Thanks a lot for this, I will try this out and see how it works!
Hi, so after training a network which previously contained ViT and replaced it with GFNet (and added the snippet of code to ensure flexible input size) there was a significant performance drop of around 0.7dB (image-based task) and training was around 2x slower. My understanding was fourier operations were quicker than the standard attention, yet for some reason this isn't the case for me, am I missing something here. Do GFNet-based models require a different training procedure to ViT to match performance?
My experience is that it is useful to add normalization layers before and after the GF layers, which may stabilize the training and improve performance. If you replace the whole self-attention block (qkv projections, matmul, softmax and out project) with a GF layer, the complexity of the model will be largely reduced, which can lead to lower performance.
It is a bit weird that GF layers are much slower than self-attention. Did you directly replace the standard self-attention with our GF layer? From my understanding, low-level vision tasks usually need to process high-resolution feature maps, which makes directly applying self-attention to such features very difficult.
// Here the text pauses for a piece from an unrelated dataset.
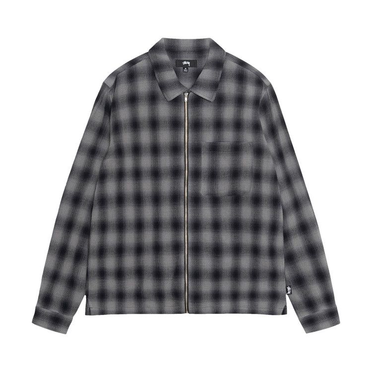 Stussy Zip Twisted Yarn Plaid Shirt 'charcoal'
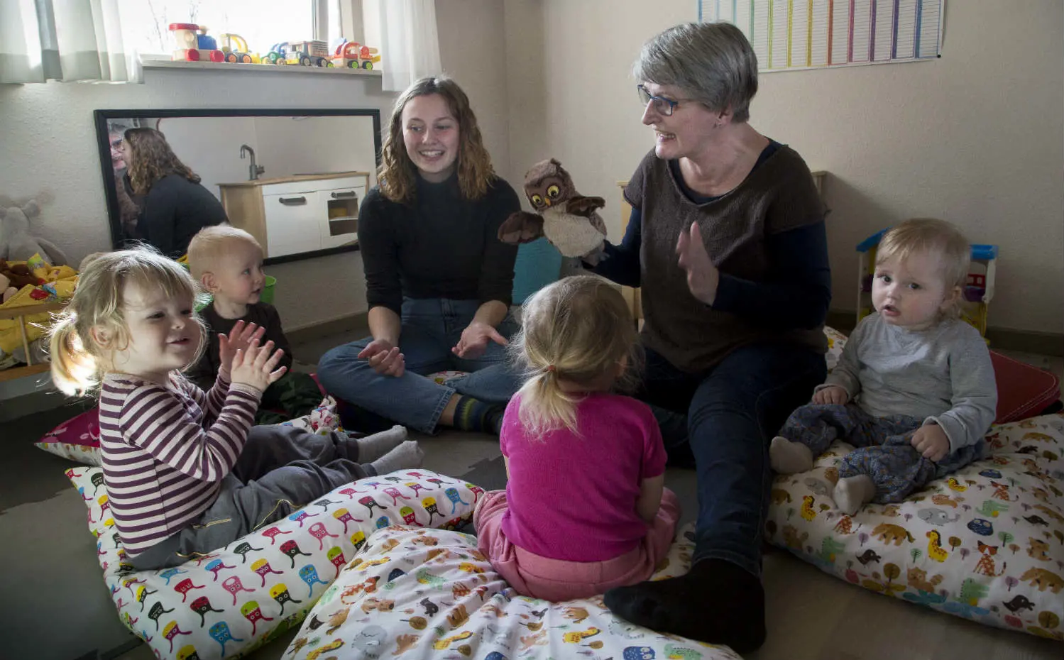 “Pude,” hviner Viktor på halvandet år begejstret, da dagplejer Gitte Olsen tager ‘sangpuderne’ frem og lægger dem på gulvet. Nu skal der synges. Og han ved præcis, hvordan det foregår.

Hi, thanks for your response, I thought I replied to this, but seems I forgot to press the comment button. I did indeed replace standard self-attention with the GF layer. I used the pvt-v2 code and replaced the attention block with the following code:
class GlobalFilter(nn.Module):
def __init__(self, dim, h=14, w=8):
super().__init__()
self.complex_weight = nn.Parameter(torch.rand(h, w, dim, 2, dtype=torch.float32) * 0.02)
self.w = h
self.h = w
def forward(self, x, h,w): #(H,W, images dimensions used for other operations)
B, N, C = x.shape
a = h
b = w
x = x.view(B, C, a, b)
x = x.to(torch.float32)
x = torch.fft.rfft2(x, dim=(1, 2), norm='ortho')
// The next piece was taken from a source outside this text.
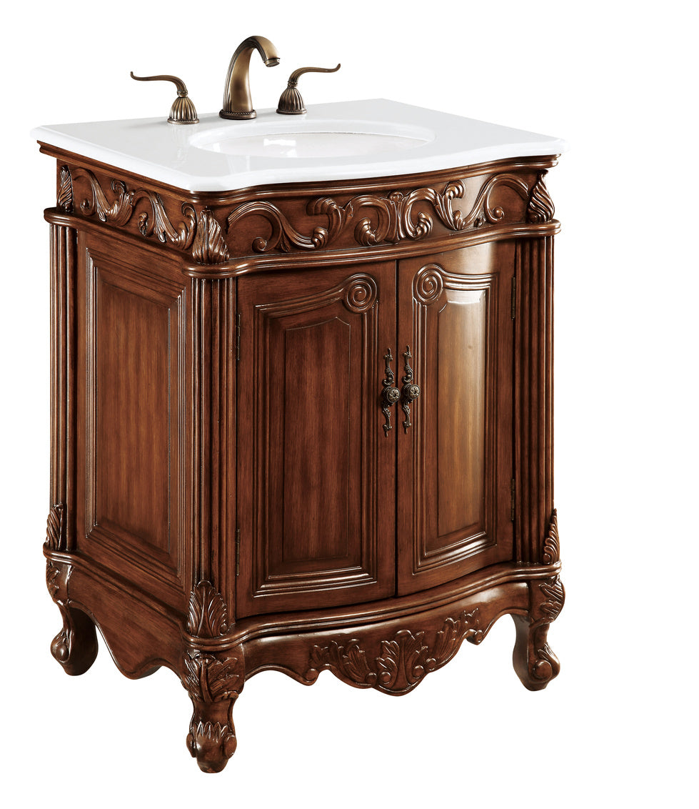 27 inch Single Bathroom vanity in Brown with ivory white engineered marble

weight = self.complex_weight
if not weight.shape[1:3] == x.shape[2:4]:
weight = F.interpolate(weight.permute(3,0,1,2), size=x.shape[2:4], mode='bilinear', align_corners=True).permute(1,2,3,0)
weight = torch.view_as_complex(weight.contiguous())
x = x * weight
x = torch.fft.irfft2(x, s=(a, b), dim=(2, 3), norm='ortho')
x = x.reshape(B, N, C)
return x
The configuration was the same as PVT relative to the depth, MLP heads etc, just the attention was changed. A norm was used (as per the default configuration of PVT) and is defined as:
x =x +self.drop_path(self.filter(self.norm1(x),H,W))
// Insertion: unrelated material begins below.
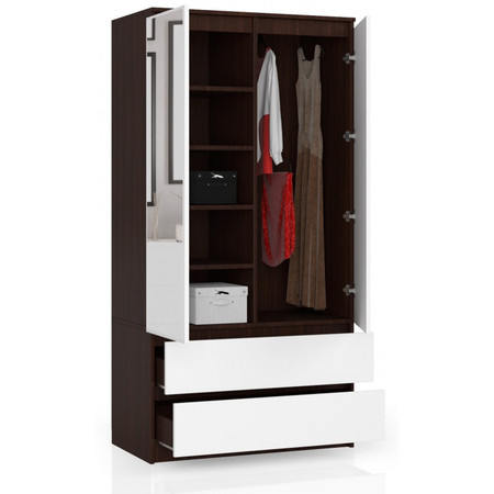 Šatní skříň se zrcadly S90 2 dvířka 2 zásuvky wenge/bílá

x = x + self.drop_path(self.mlp(self.norm2(x), H, W))
Should I add another norm layer as such:
x =x + self.norm3(self.drop_path(self.filter(self.norm1(x),H,W)))
I'm not sure what can be done as the approach is conceptually promising but my implementation has the issues disccused Thanks again for your help!
PVT-v2 didn't use the standard attention layer, where self-attention is performed on the downsampled feature maps in the modified attention block. Since the parameters in a single GF layer are much fewer than those in a self-attention layer, it is possible that the performance will drop. It also seems necessary to use normalization layers before and after GF layers according to my experience.
To achieve better performance, I would recommend using our new block in HorNet. You can replace the whole PVT-v2 block (including SA and FFN) with the HorNet block.
Thanks for your response, does HorNet work only on fixed size inputs or is it like PVT which accepts inputs of any size?
You can refer to our models for object detection, which is designed for any input size.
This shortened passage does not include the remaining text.